Along with remote work comes more cybersecurity risks, though. The FBI says that cybersecurity attacks are up by nearly 300% as information that used to remain within office walls has made its way to unsecured WiFi connections at home. 

Bad agents, aware of these lax security measures, are taking advantage through phishing, man-in-the-middle attacks and more. Family members and house guests can also pose a risk now that sensitive information is being communicated or kept in the home. 

As an employee, missteps during this period of transition can cost your company liability. Security liability insurance policies, for example, traditionally only cover data breaches that occur on secure company-issued devices. This means that if you were to use a personal laptop to access data, and that data gets breached as a result, your company wouldn’t be able to use insurance to cover their losses. 

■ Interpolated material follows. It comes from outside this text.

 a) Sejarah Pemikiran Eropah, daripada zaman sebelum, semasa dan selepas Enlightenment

Here are some of the more common cyber attacks to be on the lookout for. 

  1. Phishing attack: A Hacker pretends to be a trustworthy entity to gain sensitive information from a user. This is typically done over email or phone.  
  2. Ransomware: Sensitive information is stolen and then a bad agent requests a ransom in exchange. 
  3. Man-in-the-middle attack: Using an unsecure network, a hacker positions themselves between a user and an application to gain information. 
  4. Password attack: The most common attack is when a hacker gains access to a system by guessing a password. 
  5. Trojan horse: A malicious software poses as a legitimate one in order to gain control of your device.  

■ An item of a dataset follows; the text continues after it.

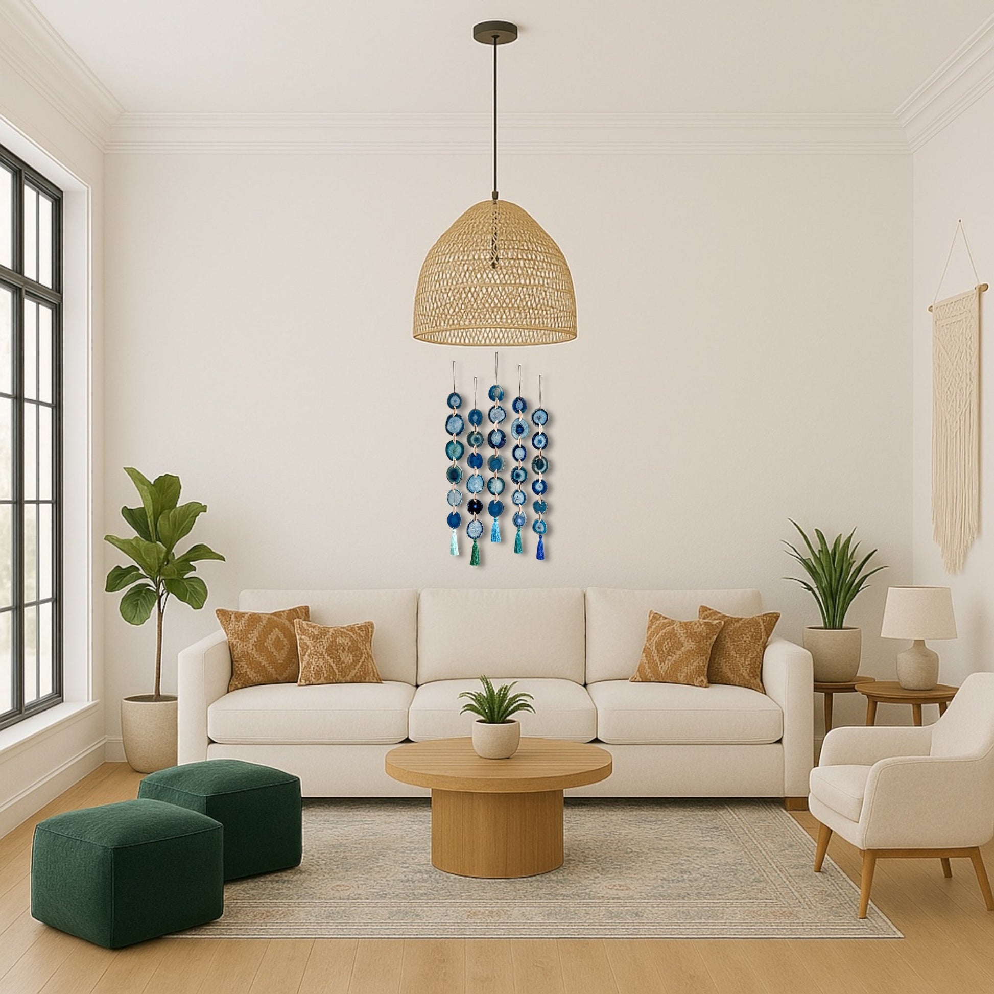 Inspired by the mystical beauty of the ocean, the Ocean Agate Garland Wall Hanging brings the calming energy of the sea into your home. This handcrafted wall hanging features genuine Brazilian agate slices in stunning oceanic hues—ranging from deep blues and teals to foamy aquas and sea greens. Suspended from a natural wood hanger with leather cording, this piece is a perfect blend of coastal serenity and bohemian elegance.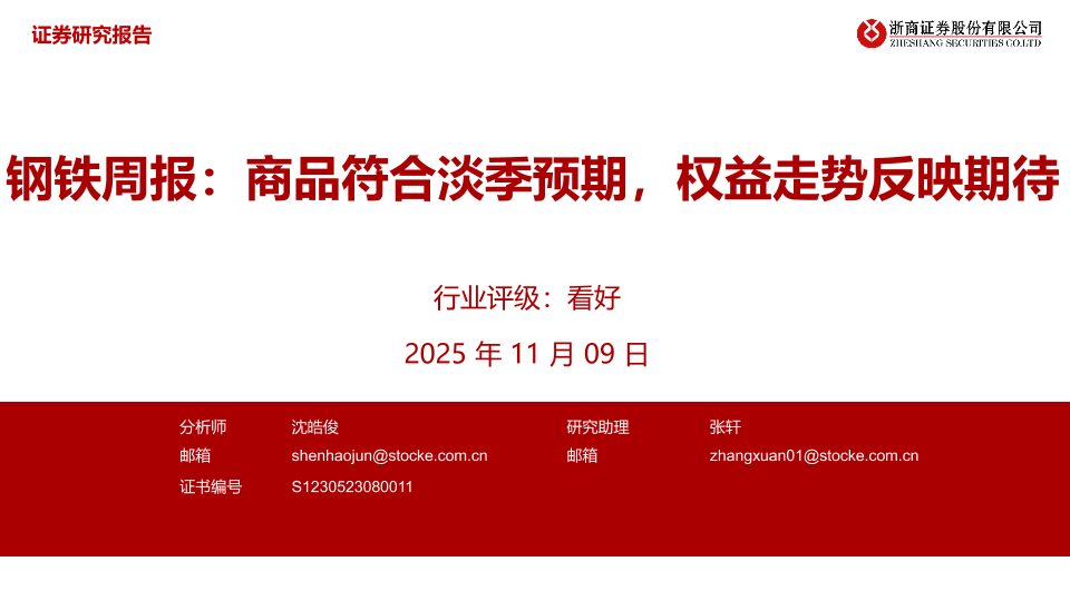 【浙商证券】【202511】钢铁周报:商品符合淡季预期,权益走势反映期待-11页

Protecting yourself and your company is always a good idea. Here’s how to work from home safely. 

Regularly update your password

More than 80% of security breaches are due to compromised passwords. You should change your password at least every 90 days, and sometimes even sooner in order to stay secure. Use an online password manager to keep track of your ever changing login information, and don’t jot passwords down on a piece of paper where they could be found. 

Don’t log on to public Wi-Fi

While this step may seem easier said than done, you should avoid public Wi-Fi when using work devices. Public Wi-Fi can be extremely insecure and put you at increased risk for cyber attacks. At home, protect your Wi-Fi with a unique username and password. When you’re on the go, consider purchasing a personal hotspot (or asking your company to) so you can work from anywhere on a safer connection. 

Update your software

Software update notifications seem to pop up at the most inconvenient times, but they’re essential for good digital and device hygiene. This is because new software updates come outfitted with the latest security measures, often with fixes to bugs. You can automate this process so it’s less of a pain by changing your settings to automatic updates. This will ensure your device settings are always up-to-date.  

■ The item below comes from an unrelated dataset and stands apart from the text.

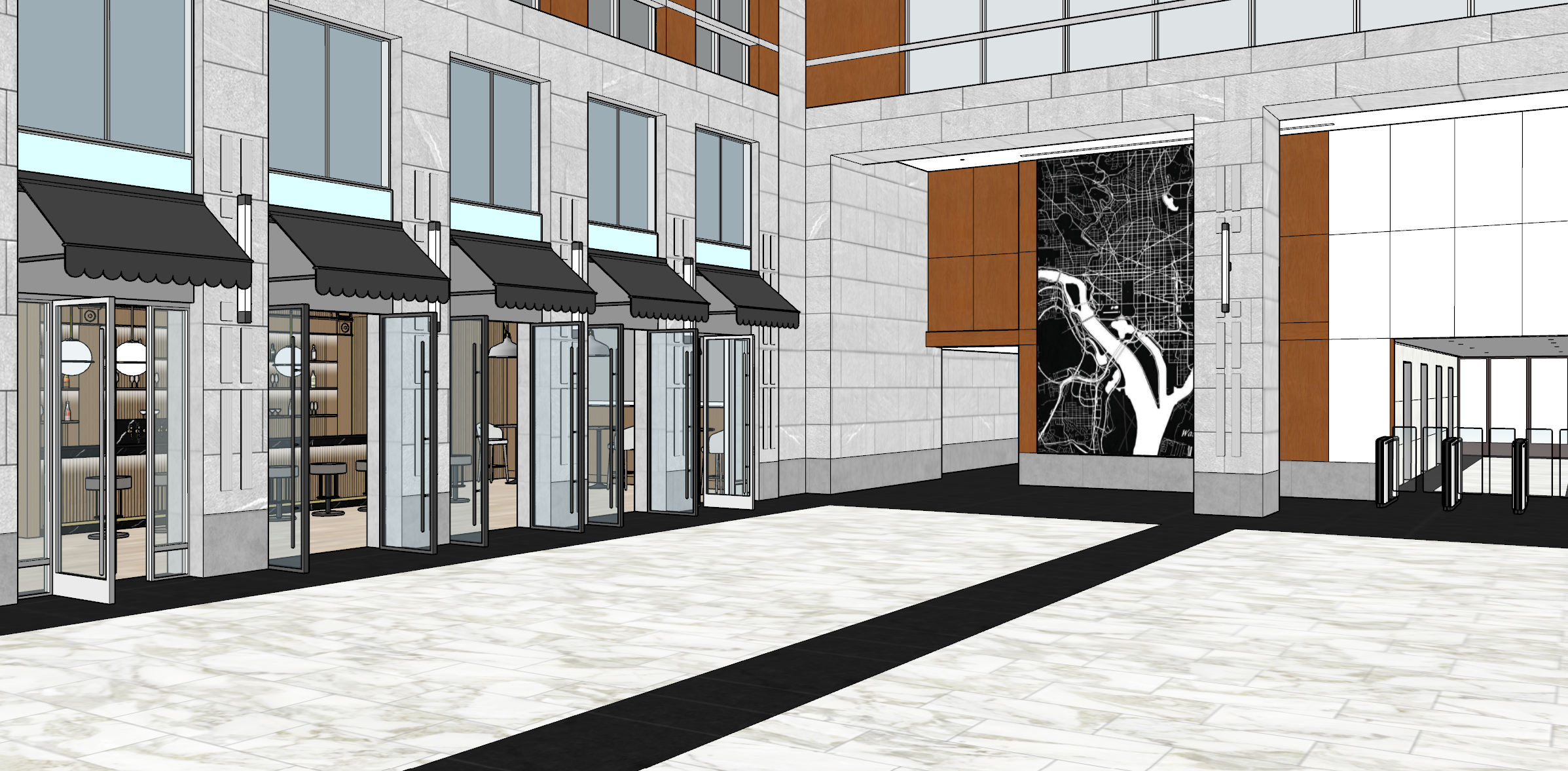 render lobby with no outside views all lights to be turned on all interior to be bright and lit modern organic sofas in front of cafe openings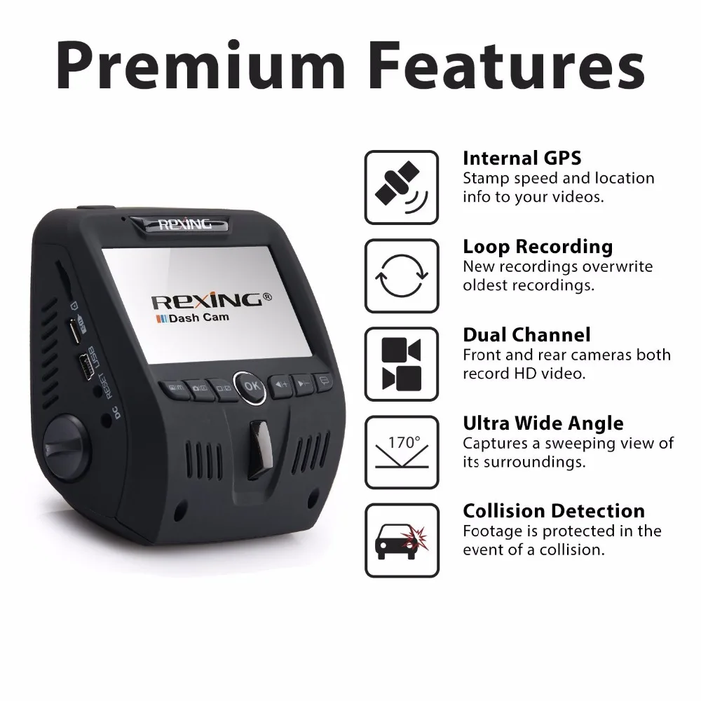 . Melhor Rexing V1LG, 1080 p + 720 p Frente Câmera Traseira Dupla, GPS de Carro, Carro Dvr, traço Cam, Amplo Ângulo, Visão Noturna Barato Online Preço.

Share boundaries for meetings ahead of time

If you are leading meetings, make it a practice to set boundaries ahead of time, especially if sensitive information is being discussed. Send out an agenda well in advance so attendees know what to expect. Don’t be afraid to include a note recommending attendees to take the meeting somewhere private and out of earshot of others for maximum security. 

Don’t fall victim to suspicious emails

If you get a request over email that seems out of the ordinary, it probably is. Phishing attacks are when someone pretends to be a trustworthy entity — such as your boss, the government, or your credit card company — in order to gain your personal information. Unfortunately, 44% of employees have fallen victim to these attacks and they can be extremely costly. 

If you receive a suspicious email, confirm it on another work channel before responding and sharing any information. 

Logging onto work from your couch may seem like the safest way to start the day, but unfortunately cybersecurity incidents do arise. Remember that good digital hygiene and researching risks helps you protect yourself and your company from becoming prey to bad agents. If your company has established a telecommuting policy, make sure to familiarize yourself with the policies to ensure you’re always following recommendations.